Abstract: We consider the task of recovering a pN-sparse vector planted in an n-dimensional random subspace of R^N, given an arbitrary basis for the subspace. We give an improved analysis of (a slight variant of) a spectral method proposed by Hopkins, Schramm, Shi, and Steurer (STOC 2016), showing that it succeeds when np << sqrt(N). This condition improves upon the best known guarantees of any polynomial-time algorithm. Our analysis also applies to the dense case p=1, provided that the planted vector has entries sufficiently different from Gaussian. Furthermore, we give a matching lower bound, showing that when np >> sqrt(N), a general class of spectral methods fail to detect the planted vector. This yields a tight characterization of the power of this class of spectral methods and may suggest that no polynomial-time algorithm can succeed when np >> sqrt(N).
Monday, September 27, 3:00pm (online)
Speaker: Michael Nussbaum (Cornell University)
Title: Asymptotic Inference in a Class of Quantum Time Series Models
Abstract: We consider a statistical model of a n-mode quantum Gaussian state which is shift invariant and also gauge invariant. Such models can be considered analogs of classical Gaussian stationary time series, parametrized by their spectral density. Defining an appropriate quantum spectral density as the parameter, we establish that the quantum Gaussian time series model is asymptotically equivalent to a classical nonlinear regression model given as a collection of independent geometric random variables. The asymptotic equivalence is established in the sense of the quantum Le Cam distance between statistical models (experiments). The geometric regression model has a further classical approximation as a certain Gaussian white noise model with the quantum spectral density as signal. In this sense, the result is a quantum analog of the classical asymptotic equivalence of spectral density estimation and Gaussian white noise, which is known for Gaussian stationary time series. Our result confirms a conjecture which arises from the form of the quantum Chernoff bound for binary hypothesis testing in the gauge invariant and shift invariant bosonian Gaussian state model.
Monday, October 4, 2:00pm (online)
Speaker: Richard Gill (Leiden University)

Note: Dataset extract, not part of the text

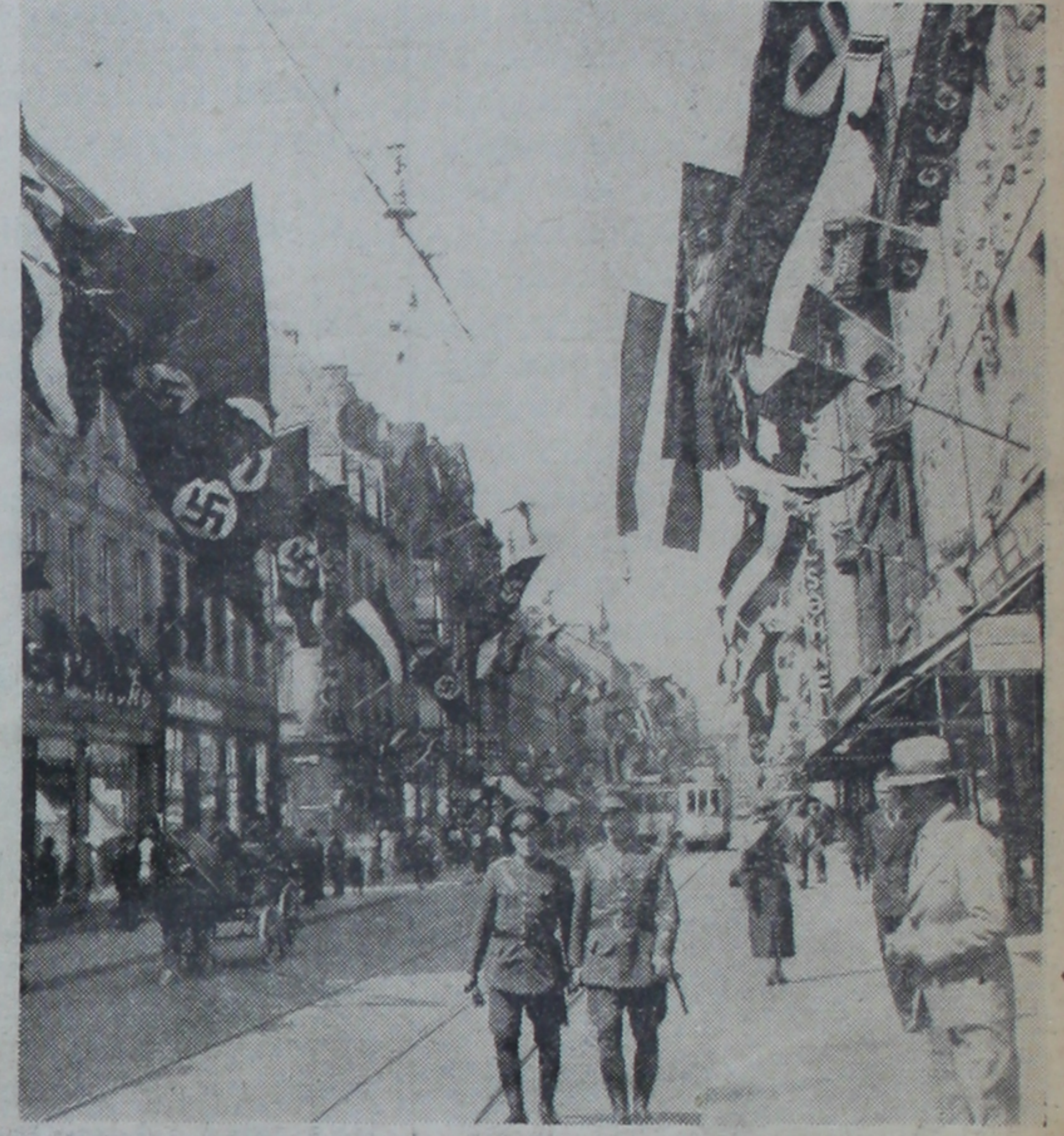
Geçen seçimde donanmış bir alman şehri.

Başbakanlık dairesinin önüne yığılan binlerce halk, alkışlamak için, B. Hitler'in balkona çıkmasını bekliyorlar.

Title: Bell experiments, Bell-denialism, and the quantum Randi challenge
Abstract: John S. Bell’s 1965 theorem, as a piece of pure mathematics, states that the predictions of quantum mechanics cannot be reproduced by theories of a classical physical nature, respecting in particular notions of locality and realism. One can also apply the reasoning behind the theorem to the results of experiments, such as the famous experiment of Alain Aspect in 1981, and go a step further: modulo statistical uncertainty due to the finite amount of data, real laboratory results cannot be reproduced by any mathematical framework compatible with what is now called local realism. It’s not just about quantum mechanics. Aspect’s experiment, however, had a number of (at the time unavoidable) technical weaknesses. His data could be “explained” by classical, local and realistic processes. At last, four experiments in 2015 (one in Delft) were performed under such stringent laboratory conditions that only “metaphysical” loopholes (such as superdeterminism or retrocausality) remain viable. These “loophole-free” experiments formed the culmination of many years of progress in, step by step, circumventing various “technical” weaknesses of Aspect’s experiments, unavoidable at the time.

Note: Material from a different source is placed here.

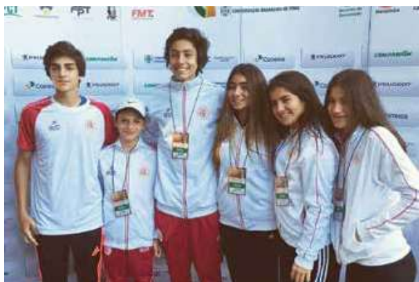
Equipe do Paulistano em Caxias do Sul

I will give a short overview of this progress, focusing on statistical and probabilistic issues, and also speculating on what will happen next. There is still spirited opposition to Bell’s findings, and lively debate in the foundations of physics. Many believe that the problematic reconciliation of relativity and quantum theories is deeply connected to the issues raised by Bell. I will draw a connection with networked computer simulation models. One can forget about physics and see Bell’s theorem as an impossibility theorem in computer science concerning certain tasks to be performed in distributed fashion by networked classical computers. The task should, however, be achievable by quantum computers connected by quantum internet links!
Monday, October 11, 3:00pm (online)
Speaker: Jonathan Scarlett (National University of Singapore)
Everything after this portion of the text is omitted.